Cellular Polarity in the Ascidian Notochord
The 40 cells of the Ciona notochord develop according to a fixed and well-characterized cell lineage, making it ideally suited to studying polarity. Much of our work has centered on mechanisms operating during medio-lateral intercalation (MLI) of the notochord cells that takes place in the gastrula and neurula embryos. Here, notochord cells are polarized in a medio-lateral (M/L) plane--cell shape, lamellipodial cell protrusions and nuclear localization all show a M/L polarity. Later, during elongation taking place in the tailbud embryo, the nuclei in the notochord initially stretch across the cell, then snap to the posterior of the cell. The nuclei of notochord cells are invariably in the posterior of the cell, except for the most posterior notochord cell, where the nuclei is in the anterior. Therefore, in one tissue of Ciona, we observe polarity in different axes (medio-lateral and A/P).

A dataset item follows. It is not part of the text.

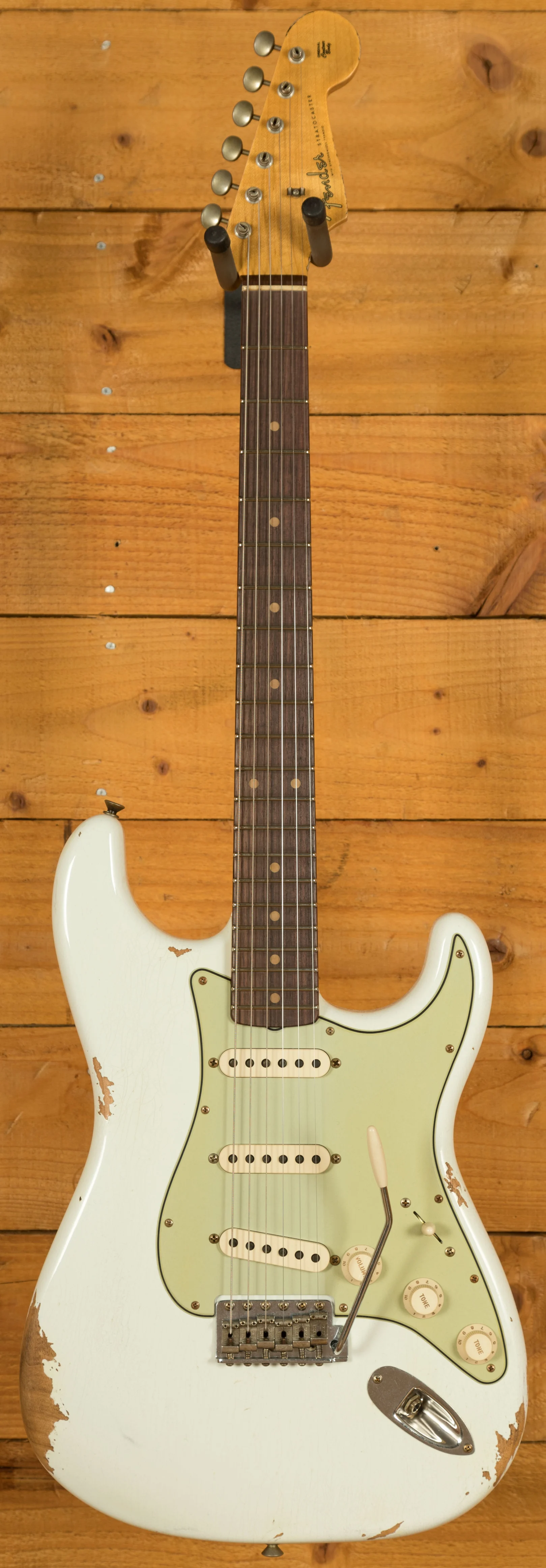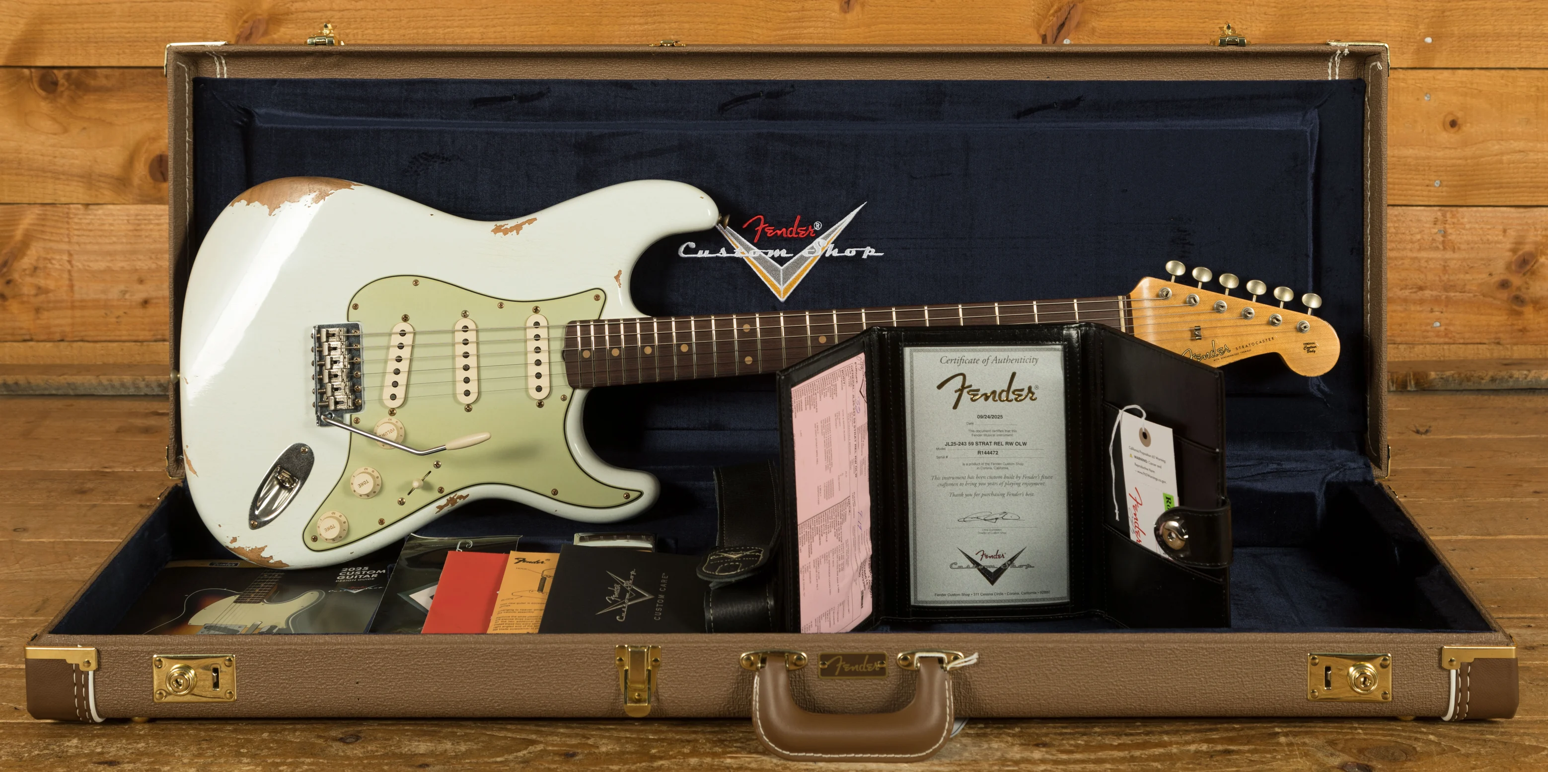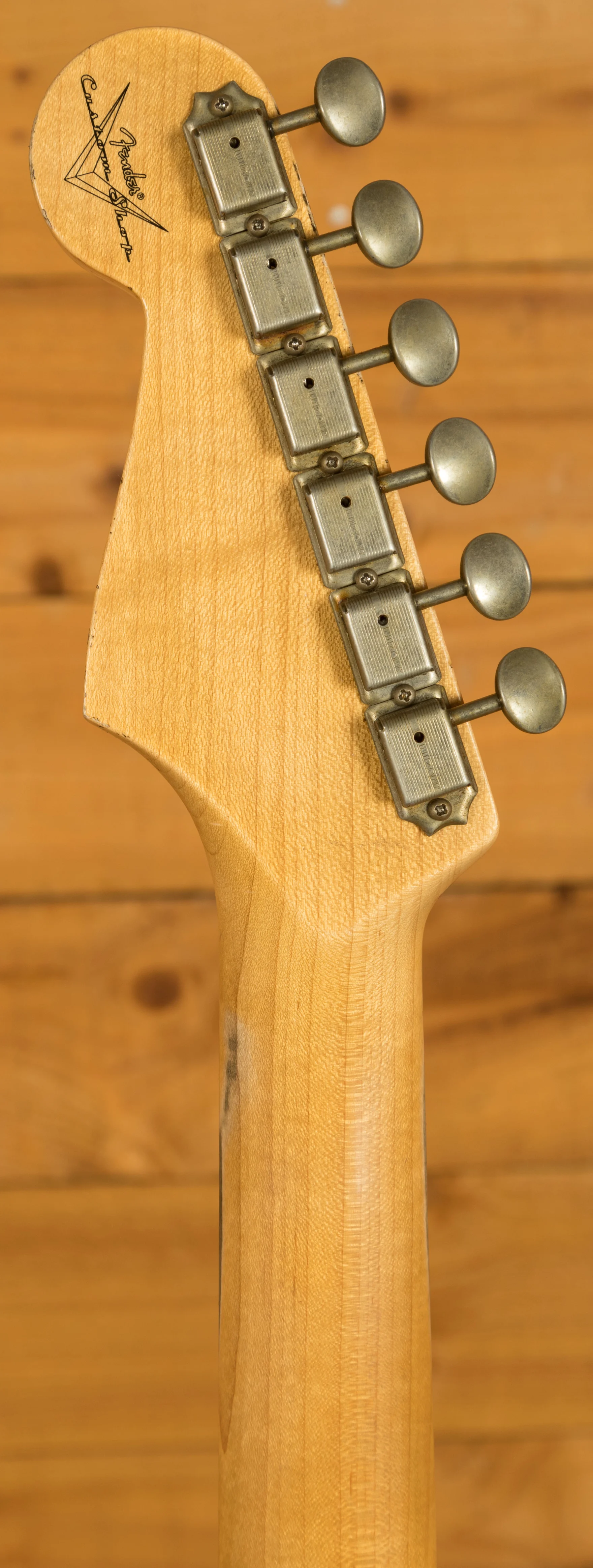 The medium tint riftsawn Maple neck has a smooth nitro finished back and an AAA grade sort-for-dark Rosewood fingerboard. With a 9.5" fingerboard radius and 21 6100 jumbo frets, the '59 Custom Shop Stratocaster can handle anything you throw at it without even breaking a sweat; it's supremely comfortable and well balanced. The 60 Style Oval "C" neck profile is a joy to play and offers a great platform for both rhythm and lead playing - measuring .790" at the 1st fret and .930" at the 12th. With the inclusion of a custom shop vintage Strat bridge and vintage tuners you have brilliant tuning stability and intonation.

The PCP pathway is active during both MLI and the subsequent A/P expansion of the notochord cells. We have identified a mutant, aimless (aim), which has a deletion creating a frame-shift and premature stop in the gene prickle (pk) (Jiang et al., 2005). pk is a key component of the planar cell polarity (PCP) pathway. Notochord cells of aim mutant animals do not move in a polarity dependent way during MLI as normal notochord cells do. In tailbud aim embryos, the nuclei do not show the posterior placement seen in wild-type embryos; the cells are not polarized normally. We have also found that pk and other PCP pathway proteins are localized to one side of the cell during MLI and/or notochord expansion in the tailbud stage embryo. We are using genetic, microscopic and molecular techniques to investigate the mechanisms responsible for setting up the polarity during MLI and how and when the shift to the A/P axis occurs. Both possible global controls (such as wnt, a possible ligand in the PCP pathway) and local controls (such as cell-to-cell communication) are being investigated.